(TASK INPUT)

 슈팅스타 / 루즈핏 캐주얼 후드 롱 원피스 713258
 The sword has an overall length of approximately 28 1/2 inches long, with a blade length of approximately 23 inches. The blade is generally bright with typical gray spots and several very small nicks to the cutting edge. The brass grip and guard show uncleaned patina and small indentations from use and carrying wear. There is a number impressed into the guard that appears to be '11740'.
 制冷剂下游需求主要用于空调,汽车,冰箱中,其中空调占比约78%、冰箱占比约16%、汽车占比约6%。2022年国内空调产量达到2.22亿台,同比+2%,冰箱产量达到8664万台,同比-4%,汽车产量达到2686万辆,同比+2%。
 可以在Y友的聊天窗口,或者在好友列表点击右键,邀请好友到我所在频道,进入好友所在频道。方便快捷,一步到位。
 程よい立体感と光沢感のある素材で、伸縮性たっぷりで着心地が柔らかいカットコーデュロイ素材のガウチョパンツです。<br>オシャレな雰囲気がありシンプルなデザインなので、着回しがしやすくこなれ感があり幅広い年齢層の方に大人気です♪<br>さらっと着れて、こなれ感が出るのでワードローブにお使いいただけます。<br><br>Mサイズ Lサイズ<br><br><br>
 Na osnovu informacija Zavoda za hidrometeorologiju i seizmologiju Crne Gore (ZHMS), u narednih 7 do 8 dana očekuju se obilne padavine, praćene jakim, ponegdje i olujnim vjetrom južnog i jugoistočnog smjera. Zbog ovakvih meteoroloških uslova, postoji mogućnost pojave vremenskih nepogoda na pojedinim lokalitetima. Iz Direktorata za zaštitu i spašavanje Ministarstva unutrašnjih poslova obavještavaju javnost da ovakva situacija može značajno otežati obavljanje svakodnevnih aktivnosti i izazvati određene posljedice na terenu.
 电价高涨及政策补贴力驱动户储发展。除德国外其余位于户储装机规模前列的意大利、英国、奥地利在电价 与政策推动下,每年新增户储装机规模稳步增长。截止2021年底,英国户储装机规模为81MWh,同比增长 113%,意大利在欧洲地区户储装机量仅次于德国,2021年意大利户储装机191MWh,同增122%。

(End TASK INPUT)

**TASK TO COMPLETE**
A word-for-word transcription of the data above is required.

**EXPECTED ANSWER**
 슈팅스타 / 루즈핏 캐주얼 후드 롱 원피스 713258
 The sword has an overall length of approximately 28 1/2 inches long, with a blade length of approximately 23 inches. The blade is generally bright with typical gray spots and several very small nicks to the cutting edge. The brass grip and guard show uncleaned patina and small indentations from use and carrying wear. There is a number impressed into the guard that appears to be '11740'.
 制冷剂下游需求主要用于空调,汽车,冰箱中,其中空调占比约78%、冰箱占比约16%、汽车占比约6%。2022年国内空调产量达到2.22亿台,同比+2%,冰箱产量达到8664万台,同比-4%,汽车产量达到2686万辆,同比+2%。
 可以在Y友的聊天窗口,或者在好友列表点击右键,邀请好友到我所在频道,进入好友所在频道。方便快捷,一步到位。
 程よい立体感と光沢感のある素材で、伸縮性たっぷりで着心地が柔らかいカットコーデュロイ素材のガウチョパンツです。<br>オシャレな雰囲気がありシンプルなデザインなので、着回しがしやすくこなれ感があり幅広い年齢層の方に大人気です♪<br>さらっと着れて、こなれ感が出るのでワードローブにお使いいただけます。<br><br>Mサイズ Lサイズ<br><br><br>
 Na osnovu informacija Zavoda za hidrometeorologiju i seizmologiju Crne Gore (ZHMS), u narednih 7 do 8 dana očekuju se obilne padavine, praćene jakim, ponegdje i olujnim vjetrom južnog i jugoistočnog smjera. Zbog ovakvih meteoroloških uslova, postoji mogućnost pojave vremenskih nepogoda na pojedinim lokalitetima. Iz Direktorata za zaštitu i spašavanje Ministarstva unutrašnjih poslova obavještavaju javnost da ovakva situacija može značajno otežati obavljanje svakodnevnih aktivnosti i izazvati određene posljedice na terenu.
 电价高涨及政策补贴力驱动户储发展。除德国外其余位于户储装机规模前列的意大利、英国、奥地利在电价 与政策推动下,每年新增户储装机规模稳步增长。截止2021年底,英国户储装机规模为81MWh,同比增长 113%,意大利在欧洲地区户储装机量仅次于德国,2021年意大利户储装机191MWh,同增122%。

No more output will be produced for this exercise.